Fortunately for Jim Leyland and the Tigers, they’re not in that cluster. They have a commanding lead in the A.L. Central and are pretty much a lock for the playoffs.
Life’s never that simple, though.
The format of the playoffs works like this: The two wild cards play each other in a pre-round and the winner of that plays the team with the league’s best record — very likely the Boston Red Sox. The teams with the second- and third-best records in the league play each other in the first round.
The Tigers are in a situation where, barring an epic collapse of Boston, they’re on a collision course to meet the Oakland Athletics in the ALDS. And the Tigers also happen to have an almost identical record to the A’s — meaning whoever finishes with the better record will gain home-field advantage.
Home-field advantage is — well, it’s ideal. With it, the Tigers would play at home in games one, and potentially games four and five. My point is that, although the division is all but locked up, the season should be far from over.
We’ll start to hear people calling for “so and so” to rest and then for the starting pitchers to be given days off so Leyland can set up the rotation. Those kinds of demands will go on and on. They shouldn’t.
The Tigers should play out the season to the end. It’s in their best interest for a couple of reasons, but mainly just so they don’t have to possibly travel to Oakland twice in a five-game series. Last year, when the Tigers clinched the division with a few games remaining in the season, Leyland was able to rest his starting pitching enough to set up the rotation for the playoffs — aka Justin Verlander pitching games one and five of the ALDS.
The beautiful thing about this year’s rotation is, even if there weren’t a compelling reason to play the season out to its final pitch, the rotation doesn’t need to be set up.

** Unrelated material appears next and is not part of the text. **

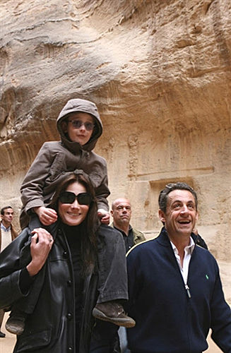 1月5日,法國總統(tǒng)尼古拉·薩科齊與布呂尼母子在約旦佩特拉古跡參觀

Max Sherzer is the favorite to pitch game one, but I’d be more than fine with Anibal Sanchez in that role — or even Verlander (never thought I’d be hesitantly saying he maybe could start in the playoff opener).

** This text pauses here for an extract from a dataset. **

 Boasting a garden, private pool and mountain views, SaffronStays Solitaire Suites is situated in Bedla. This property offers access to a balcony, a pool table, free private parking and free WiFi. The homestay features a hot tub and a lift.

And finally, if there’s one thing a Jim Leyland Tigers team has proven, it’s that extra rest does terrible, terrible things to them. After making quick work of the New York Yankees in the ALCS a year ago, the Tigers had a long rest before the World Series. As we all know, to say the Tigers were rusty and the Giants fresh would be an understatement. Back in 2006, after a similar ALCS to last year, the Cardinals spanked the rested Tigers in five games.
A clinching situation isn’t the same as waiting for a series to end, but in principle, it’s extremely similar. If Leyland starts resting players and diddling around with the pitching rotation, there’s a chance that last year’s rust will return. Maybe giving Cabrera a day or two off once the division’s in the bag wouldn’t be a terrible idea, but as a whole the players should play.
What I’d like to see is a Tigers team that sweeps its final series of the season with all hands on deck — which considering they play at Miami, which has the MLB’s second-worst record, is a reasonable request.
I want to see Jim Leyland and the Tigers put their heads down and go balls-to-the-wall all the way until that final pitch against the Marlins crosses the plate. Instead of limping into the playoffs hungover from their AL Central victory, the Tigers need to charge in, riding a nice hefty winning streak too.